To cut a long story short, turned out we could get to our next stop, the oil town of Miri that day, so we bid farewell to the Irish lads and jumped on the pus, not really thinking things through. We got on a 6 hour bus at 5.30, you do the math. Arriving in Miri predictably late even the schumacheresque driving of our cab driver could not get us to a hostel that was still open. Robbie and I were forced to seriously consider staying in a real hotel, shock horror. As it turned out our luck was in and at almost 1am we somehow stumbled into a lovely little hostel called Mita.

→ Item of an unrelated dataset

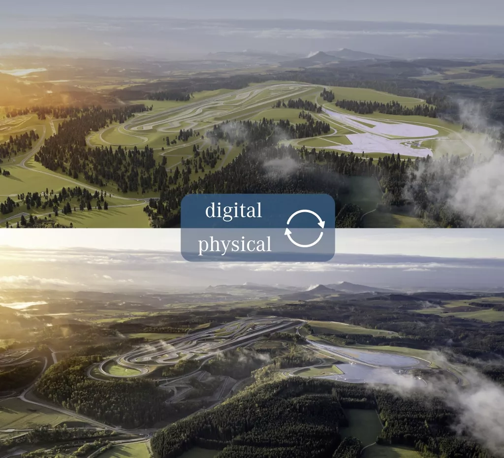 Celý areál má zároveň digitálne dvojča – každá trasa aj testovacie moduly sú dostupné pre virtuálne simulácie. Vďaka tomu možno preveriť stovky variantov nastavení ešte pred tým, než vozidlo vstúpi do reálnej skúšky.

The plan had been to use Miri as a jumping point for Gunung Mulu national park, perhaps Sarawaks most famous tourist site and home to the largest limestone cliffs in the world. After a good nights sleep we walked to the tourist information, only to find that a trip to Mulu would not just stretch our budget, it would tear in to shreds and then burn the remains, Mulu wasn’t an option. There are however several other national parks in the region so we resigned ourselves to going to one of these instead. That night there were some world challenge kids in the guesthouse and they told us of the Niah Caves which sounded pretty cool. Then came a stroke of pure genius. We decided to buy a tent. The cost of camping in Niah is a fraction of a guesthouse. We managed to find the worlds worst (and cheapest) tent. Imagine one of those play tents for kids that you put in the garden, well it looked like that, but worse. I could almost lie straight in it, so spare a thought for poor Robbie. All said and done we loved it. Next morning we set off bright and early for Niah, very excited about our tent.